Re: [sleuthkit-developers] Re: IO Subsystem patch for fstools
Brought to you by:
carrier
From: Michael C. <mic...@ne...> - 2004-02-23 09:42:13
|
Hi Paul, > Well I do see advantages.... I already wanted to ask this... > > The problem with the current code is that it is not possible to > "read_random" an image efficiently because it cannot check the current > offset in the image.. This results in unnecessary seeks.. And seeks are > very expensive if they come in millions.... I agree - this is particularly bad if the underlying image is a compressed format like encase or sgzip because then each seek/read corresponds to a decompression of at least one block. > For Indexed Searching it would be very handy if their would come either: a > generic fs_read_random() function. > > If this function would check for the current offset in the image and thus > not seek if the reads where all in succession, whis would be great... This really depends on the specific subsystem, for example when reading an encase file you need to decompress at least one chunk for each seek so if you read lots of little runs of data all over the file its gonna run slow.
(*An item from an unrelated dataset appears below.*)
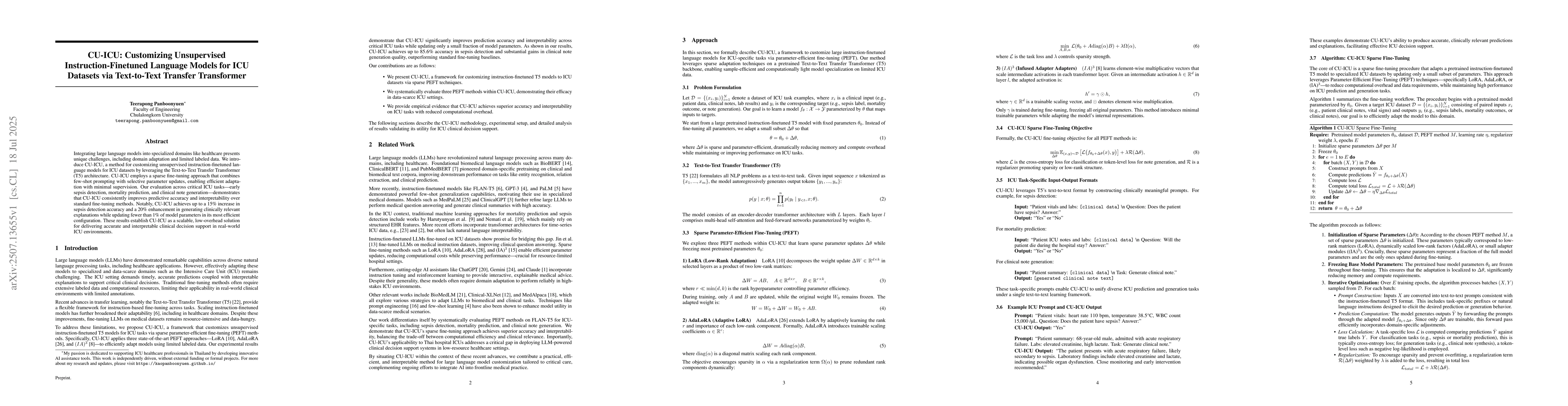 Integrating large language models into specialized domains like healthcare presents unique challenges, including domain adaptation and limited labeled data. We introduce CU-ICU, a method for customizing unsupervised instruction-finetuned language models for ICU datasets by leveraging the Text-to-Text Transfer Transformer (T5) architecture. CU-ICU employs a sparse fine-tuning approach that combines few-shot prompting with selective parameter updates, enabling efficient adaptation with minimal supervision. Our evaluation across critical ICU tasks--early sepsis detection, mortality prediction, and clinical note generation--demonstrates that CU-ICU consistently improves predictive accuracy and interpretability over standard fine-tuning methods. Notably, CU-ICU achieves up to a 15% increase in sepsis detection accuracy and a 20% enhancement in generating clinically relevant explanations while updating fewer than 1% of model parameters in its most efficient configuration. These results establish CU-ICU as a scalable, low-overhead solution for delivering accurate and interpretable clinical decision support in real-world ICU environments.

The solution to this problem, i think, is to implement some kind of caching in memory. A cache system can solve all those problems very efficiently, particularly for the case where you make lots of small reads, very close together (i.e. no seeks). A simple cache (with a simple policy) can be implemented quite easily i think, and will be effective for the scenario you are describing. What kind of IO do you do for indexing? Is it very localised? If you were to cache a block into memory, what would be the optimal size of the block? (say 1 mb or more like 32kb?) If you were to cache 1 mb in memory, how many reads would you get out of it on average? Michael |